Now, admittedly I don't have many very good suggestions as to what to do myself. This probably revives the clubs forum vs. social groups thing and the redundancy of having both; I _do_ think that having both is, well, redundant. If there's no one willing to take control of social groups/ no one really even cares about them, _I_ wouldn't particularly care if they were just disabled - the activity there seems minimal compared to the Clubs forum anyway. I do think that the Social Groups feature is a neat one that could be very useful if utilized properly, but we _did_ already have the Clubs forum before Social Groups came along, and said forum _is_ what more people seem to prefer.

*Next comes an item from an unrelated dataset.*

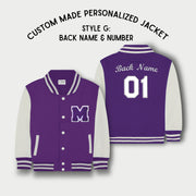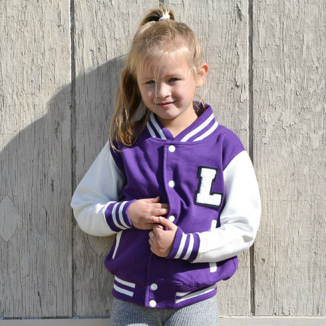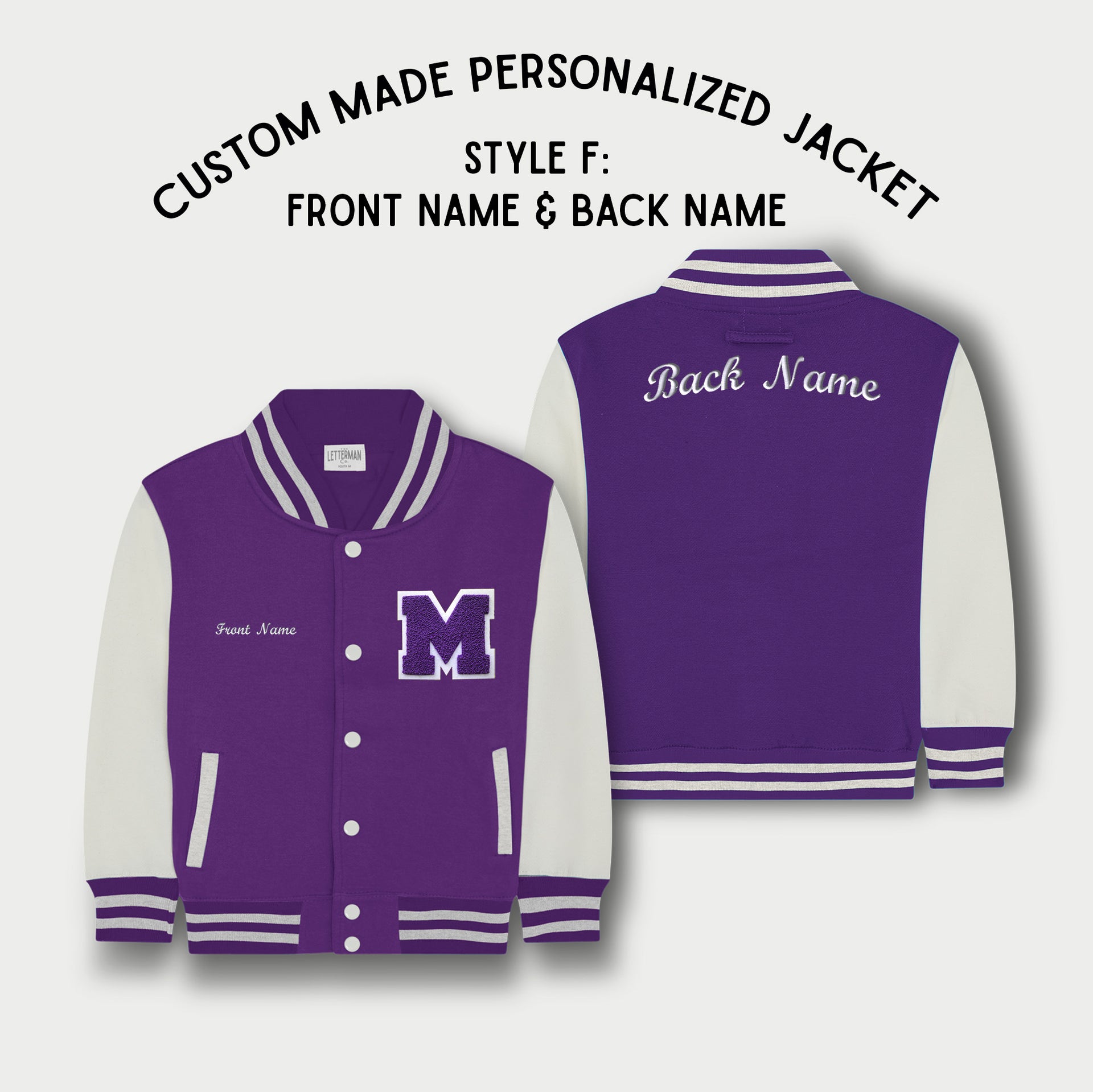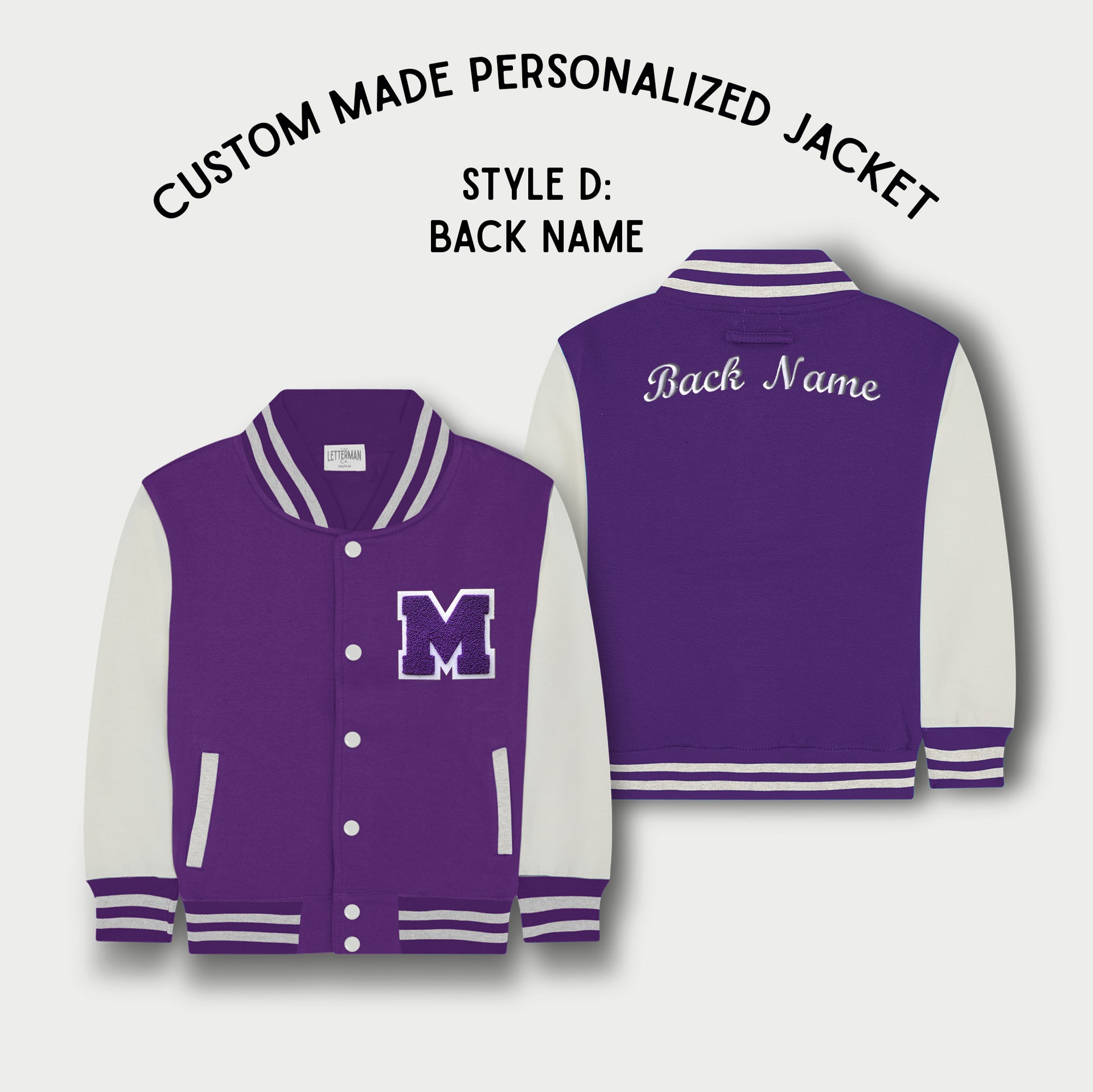 Personalized Kids Sweatshirt Varsity Jacket PURPLE/WHITE

So, yeah. I'm wanting other people's opinions on this. This wasn't really intended to be obnoxious and whiny, but if it comes across as being that way I'm sorry. :[ Nothing's really up to me anyway.


----------



## Abwayax (May 10, 2009)

Both _seem_ to serve the same purpose; however, with the Clubs forum, you can't really control who posts in your thread; the Social Cliques feature, however, lets you control very precisely who posts in or even _views_ discussions in your group. Thus, those scheming elitists/atheists/communists/Arylettopians can keep prying eyes away from their spam important discussions.


----------



## spaekle (May 10, 2009)

This is true. They serve the same basic purpose of giving people who share a particular interest a place to have discussion about said interest, only one has more sparkly features and privacy options. 

I don't think private groups is really a bad thing in itself, but I can see it being slightly abused in some situations ("let's make a private group so we can post stupid random crap and no one can see"). But again, that probably wouldn't be an issue if Social Groups were being moderated by someone.


----------



## surskitty (May 10, 2009)

Number 100 said:


> Both _seem_ to serve the same purpose; however, with the Clubs forum, you can't really control who posts in your thread


You can ask for threadmin, though!  Then you sort of get control.


I am totally in favour of ditching one of the two.  I don't have any personal investment in either, though I'm also in favour of getting rid of all redundant Clubs threads (merge 'm with discussion threads, shove in either forum).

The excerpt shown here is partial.